**Task item**
Print, exactly and completely, every entry in the data.

━━━━━ Entries shown ━━━━━

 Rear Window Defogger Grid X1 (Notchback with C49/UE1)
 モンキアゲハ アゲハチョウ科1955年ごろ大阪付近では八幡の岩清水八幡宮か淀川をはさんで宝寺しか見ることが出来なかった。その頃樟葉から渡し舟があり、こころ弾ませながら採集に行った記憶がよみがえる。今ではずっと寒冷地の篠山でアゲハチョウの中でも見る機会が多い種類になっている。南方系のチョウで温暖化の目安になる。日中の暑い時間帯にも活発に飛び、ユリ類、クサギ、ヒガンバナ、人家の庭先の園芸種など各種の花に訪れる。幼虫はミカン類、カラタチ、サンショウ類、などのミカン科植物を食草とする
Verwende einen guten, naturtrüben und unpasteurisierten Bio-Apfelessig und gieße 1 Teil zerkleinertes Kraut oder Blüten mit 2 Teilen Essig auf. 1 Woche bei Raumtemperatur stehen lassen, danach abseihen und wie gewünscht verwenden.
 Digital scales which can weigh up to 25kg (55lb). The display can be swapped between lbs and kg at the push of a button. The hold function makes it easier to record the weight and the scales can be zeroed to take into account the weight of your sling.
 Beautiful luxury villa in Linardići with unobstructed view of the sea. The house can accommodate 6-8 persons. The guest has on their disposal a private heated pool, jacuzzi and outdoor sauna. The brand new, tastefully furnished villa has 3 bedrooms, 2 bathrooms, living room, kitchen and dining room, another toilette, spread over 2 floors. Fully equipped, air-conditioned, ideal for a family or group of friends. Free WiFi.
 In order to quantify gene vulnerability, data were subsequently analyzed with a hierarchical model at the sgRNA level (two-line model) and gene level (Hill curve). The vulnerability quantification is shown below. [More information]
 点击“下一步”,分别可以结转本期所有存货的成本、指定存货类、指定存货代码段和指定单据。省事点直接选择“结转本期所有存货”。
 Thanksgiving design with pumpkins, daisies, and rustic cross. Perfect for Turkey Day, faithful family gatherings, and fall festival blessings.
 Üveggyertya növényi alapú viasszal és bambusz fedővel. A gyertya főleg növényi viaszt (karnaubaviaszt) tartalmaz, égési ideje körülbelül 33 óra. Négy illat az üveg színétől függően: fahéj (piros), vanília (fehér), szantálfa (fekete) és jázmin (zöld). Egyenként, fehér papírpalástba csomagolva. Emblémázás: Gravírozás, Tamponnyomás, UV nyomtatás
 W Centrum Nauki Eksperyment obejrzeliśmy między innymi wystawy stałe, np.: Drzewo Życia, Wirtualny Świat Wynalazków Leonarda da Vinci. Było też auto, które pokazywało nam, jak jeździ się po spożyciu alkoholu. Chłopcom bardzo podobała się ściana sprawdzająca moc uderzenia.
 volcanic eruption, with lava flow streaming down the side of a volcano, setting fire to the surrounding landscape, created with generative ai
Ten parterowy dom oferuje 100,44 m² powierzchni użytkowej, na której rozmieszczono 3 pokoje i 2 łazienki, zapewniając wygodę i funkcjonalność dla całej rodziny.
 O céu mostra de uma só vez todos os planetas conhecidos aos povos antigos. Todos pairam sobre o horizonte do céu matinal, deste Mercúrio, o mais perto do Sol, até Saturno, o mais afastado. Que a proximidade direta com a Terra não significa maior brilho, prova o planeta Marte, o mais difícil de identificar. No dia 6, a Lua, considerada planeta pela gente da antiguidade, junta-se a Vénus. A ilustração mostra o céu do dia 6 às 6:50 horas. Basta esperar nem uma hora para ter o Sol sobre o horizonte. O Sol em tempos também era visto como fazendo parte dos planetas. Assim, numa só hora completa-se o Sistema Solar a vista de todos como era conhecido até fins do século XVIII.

━━━━━

**Response**
 Rear Window Defogger Grid X1 (Notchback with C49/UE1)
 モンキアゲハ アゲハチョウ科1955年ごろ大阪付近では八幡の岩清水八幡宮か淀川をはさんで宝寺しか見ることが出来なかった。その頃樟葉から渡し舟があり、こころ弾ませながら採集に行った記憶がよみがえる。今ではずっと寒冷地の篠山でアゲハチョウの中でも見る機会が多い種類になっている。南方系のチョウで温暖化の目安になる。日中の暑い時間帯にも活発に飛び、ユリ類、クサギ、ヒガンバナ、人家の庭先の園芸種など各種の花に訪れる。幼虫はミカン類、カラタチ、サンショウ類、などのミカン科植物を食草とする
Verwende einen guten, naturtrüben und unpasteurisierten Bio-Apfelessig und gieße 1 Teil zerkleinertes Kraut oder Blüten mit 2 Teilen Essig auf. 1 Woche bei Raumtemperatur stehen lassen, danach abseihen und wie gewünscht verwenden.
 Digital scales which can weigh up to 25kg (55lb). The display can be swapped between lbs and kg at the push of a button. The hold function makes it easier to record the weight and the scales can be zeroed to take into account the weight of your sling.
 Beautiful luxury villa in Linardići with unobstructed view of the sea. The house can accommodate 6-8 persons. The guest has on their disposal a private heated pool, jacuzzi and outdoor sauna. The brand new, tastefully furnished villa has 3 bedrooms, 2 bathrooms, living room, kitchen and dining room, another toilette, spread over 2 floors. Fully equipped, air-conditioned, ideal for a family or group of friends. Free WiFi.
 In order to quantify gene vulnerability, data were subsequently analyzed with a hierarchical model at the sgRNA level (two-line model) and gene level (Hill curve). The vulnerability quantification is shown below. [More information]
 点击“下一步”,分别可以结转本期所有存货的成本、指定存货类、指定存货代码段和指定单据。省事点直接选择“结转本期所有存货”。
 Thanksgiving design with pumpkins, daisies, and rustic cross. Perfect for Turkey Day, faithful family gatherings, and fall festival blessings.
 Üveggyertya növényi alapú viasszal és bambusz fedővel. A gyertya főleg növényi viaszt (karnaubaviaszt) tartalmaz, égési ideje körülbelül 33 óra. Négy illat az üveg színétől függően: fahéj (piros), vanília (fehér), szantálfa (fekete) és jázmin (zöld). Egyenként, fehér papírpalástba csomagolva. Emblémázás: Gravírozás, Tamponnyomás, UV nyomtatás
 W Centrum Nauki Eksperyment obejrzeliśmy między innymi wystawy stałe, np.: Drzewo Życia, Wirtualny Świat Wynalazków Leonarda da Vinci. Było też auto, które pokazywało nam, jak jeździ się po spożyciu alkoholu. Chłopcom bardzo podobała się ściana sprawdzająca moc uderzenia.
 volcanic eruption, with lava flow streaming down the side of a volcano, setting fire to the surrounding landscape, created with generative ai
Ten parterowy dom oferuje 100,44 m² powierzchni użytkowej, na której rozmieszczono 3 pokoje i 2 łazienki, zapewniając wygodę i funkcjonalność dla całej rodziny.
 O céu mostra de uma só vez todos os planetas conhecidos aos povos antigos. Todos pairam sobre o horizonte do céu matinal, deste Mercúrio, o mais perto do Sol, até Saturno, o mais afastado. Que a proximidade direta com a Terra não significa maior brilho, prova o planeta Marte, o mais difícil de identificar. No dia 6, a Lua, considerada planeta pela gente da antiguidade, junta-se a Vénus. A ilustração mostra o céu do dia 6 às 6:50 horas. Basta esperar nem uma hora para ter o Sol sobre o horizonte. O Sol em tempos também era visto como fazendo parte dos planetas. Assim, numa só hora completa-se o Sistema Solar a vista de todos como era conhecido até fins do século XVIII.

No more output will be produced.